Download chapter 11: 'Putting It All Together'
Excerpted from the book titled, "The New Language of Business: SOA & Web 2.0", authored by Sandy Carter, published by IBM Press, February, 2007, ISBN 013195654X, Copyright 2007 by International Business Machines Corporation. All rights reserved.
Chapter Excerpt:
A flexible business—a flex-pon-sive* business—requires flexible
IT. Innovation requires change and SOA makes it easier for companies
to change. Given this focus on business flexibility, growth,
and innovation, the technology that most expedites these business
goals is service oriented architecture (SOA). According to most of
the analyst firms, SOA will become the de facto standard for business
flexibility and collaboration among companies.
As we discussed in this book, SOA is all about an approach that
views a business as linked services and considers the outcomes
they bring. Because it is built on open standards, it is a way for
businesses to tap into their existing technology investments and
flexibly link previously fragmented data and business processes,
creating a more complete view of operations, potential bottlenecks,
and areas for growth.
As we learned, advances in open standards and software-development
tools have made SOA applications easier to develop.
However, this does not mean that everyone is deploying SOA
applications; the market is at the early stages of adoption. Services
that join together to support business processes within SOA are
designed in such a way that different parts can operate independently
of one another. Because of this, any one feature can be
changed without breaking other parts of the application. This
makes companies that have adopted principles of SOA much more
responsive to changing business requirements than those that rely
on traditional software development, with one feature change
potentially derailing an entire application.
The companies that master SOA technology operate more efficiently
than their competitors and adapt more quickly to changing
business conditions in their industries. And as we discussed earlier,
Web 2.0 facilitates the collaboration aspects, and SOA enables
the infrastructure for flexibility.
A great example is a retailer deciding whether to issue a credit
card to a customer.
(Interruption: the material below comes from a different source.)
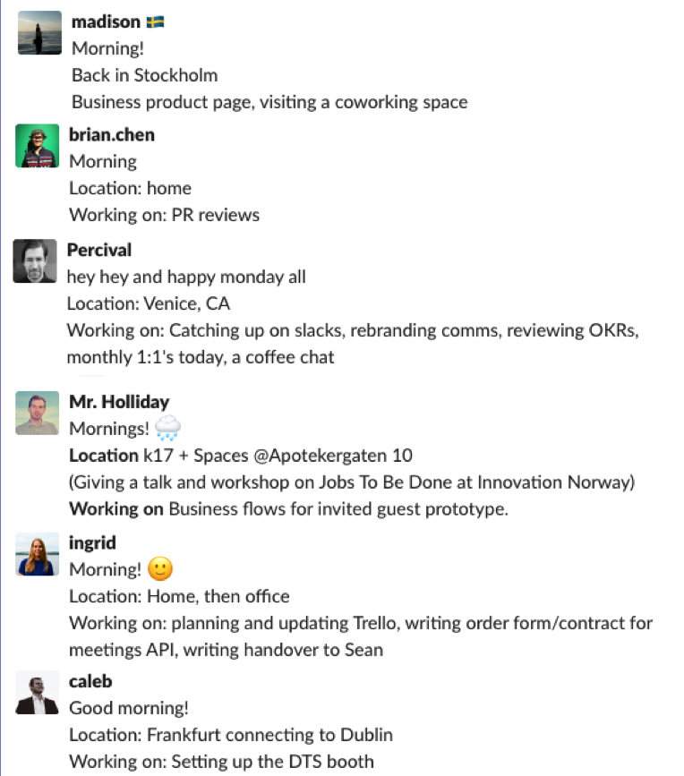 Our team has a routine that we start and end each day with: when each team member logs on in the morning and start working, they “check in” on chat by saying

It could use the technology to tap different
sources and pull together information on a customer's creditworthiness
and buying habits. A bank can use the same computing
services to handle account transfer requests, whether they are
coming from a teller, an ATM, or a Web application, avoiding the
need for multiple applications. A manufacturer could measure
more closely what is happening in its production process and then
make adjustments that feed back instantly through its chain of
suppliers.
SOA enables profitability through revenue growth and cost cutting.
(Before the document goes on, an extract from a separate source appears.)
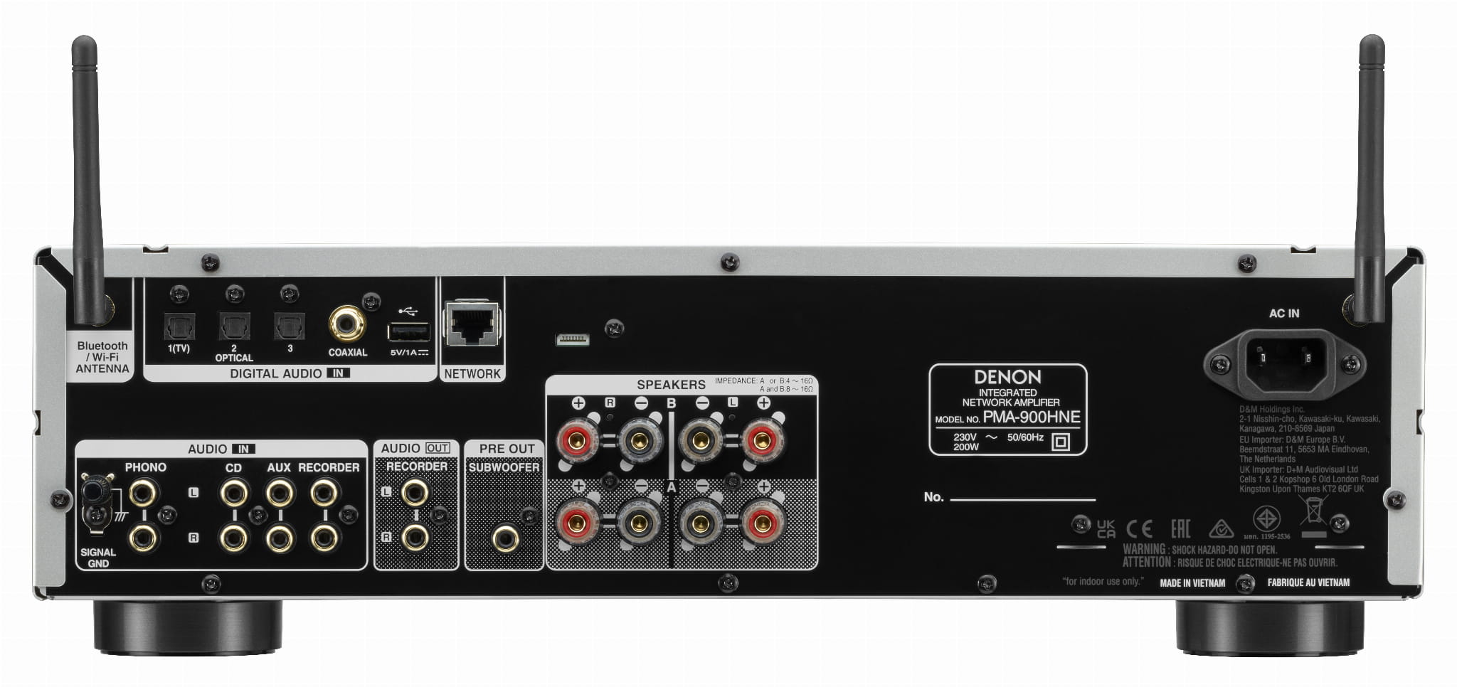 Łączność obejmuje wejście Phono na gramofony z wkładkami MM i MC, terminale głośnikowe A/B, wyjście przedwzmacniacza subwoofera, optyczne i koaksjalne wejścia cyfrowe do integracji dźwięku z telewizora i odtwarzacza multimedialnego, a także bezprzewodowe odtwarzanie dźwięku w całym domu za pośrednictwem technologii HEOS® Built-In. Popraw swoje wrażenia słuchowe z dowolnego źródła dzięki PMA900HN.

SOA enables innovation through collaboration and flexibility.
Your checklist for becoming a flex-pon-sive* business should
include the following:
- Understand SOA and Web 2.0. Chapters 3 and 4, "SOA as the
DNA of a Flex-pon-sive* and Innovative Company," start to
articulate what you need to consider, but the goal of this book
is not to make you technology experts. Rather, the goal is to
provide you with enough information to ask the right questions
to begin your journey.
- Develop the skills needed to embrace these new technologies.
- Understand the business implications of the new technologies.
The companies that master SOA technology can operate more efficiently
than their competitors and can more quickly adapt to
changing business conditions in their industries. Meeting innovation
priorities requires the ability to change flexibly, and companies
should take a business-centric view of SOA (as opposed to an
IT-centric view) to achieve these innovation goals (see Figure
11.1). As discussed in Chapter 4, "SOA as the DNA of a Flex-ponsive*
and Innovative Company," a recent study of more than 500
companies conducted by Mercer Management Consultants showed
that these companies are approaching SOA from entry points of
people, process, and information, or all three. The lessons learned
from the SOA entry points are furthered by the IBV study about
SOA business value. This study of approximately 30 customers
reveals some other lessons about revenue growth and cost cutting.
51% of the clients interviewed for this study expected their SOA
deployment to grow their revenue, primarily by unlocking the
potential of an existing process. To explore this in a real-world setting,
review a bank's processes, such as a residential mortgages
system, credit card system, or loan-servicing system. Following
the IBM case study, an evaluation of those processes should reveal
reusable parts, such as "submit loan application," "perform credit
check," "determine credit line," or "calculate interest rate." SOA
enables IT to recombine these reusable parts to create new products,
such as a tailored home equity line of credit. With SOA, the
business strategist is free to innovate.
Companies that started from one of these entry points have stories
to illustrate the lessons that can be learned from other companies'
experiences. Enterprise transformation powered by an SOA is
really the holy grail the customer seeks. This enterprise transformation
can begin with a set of entry point projects as a way for
customers to start their transformation journey.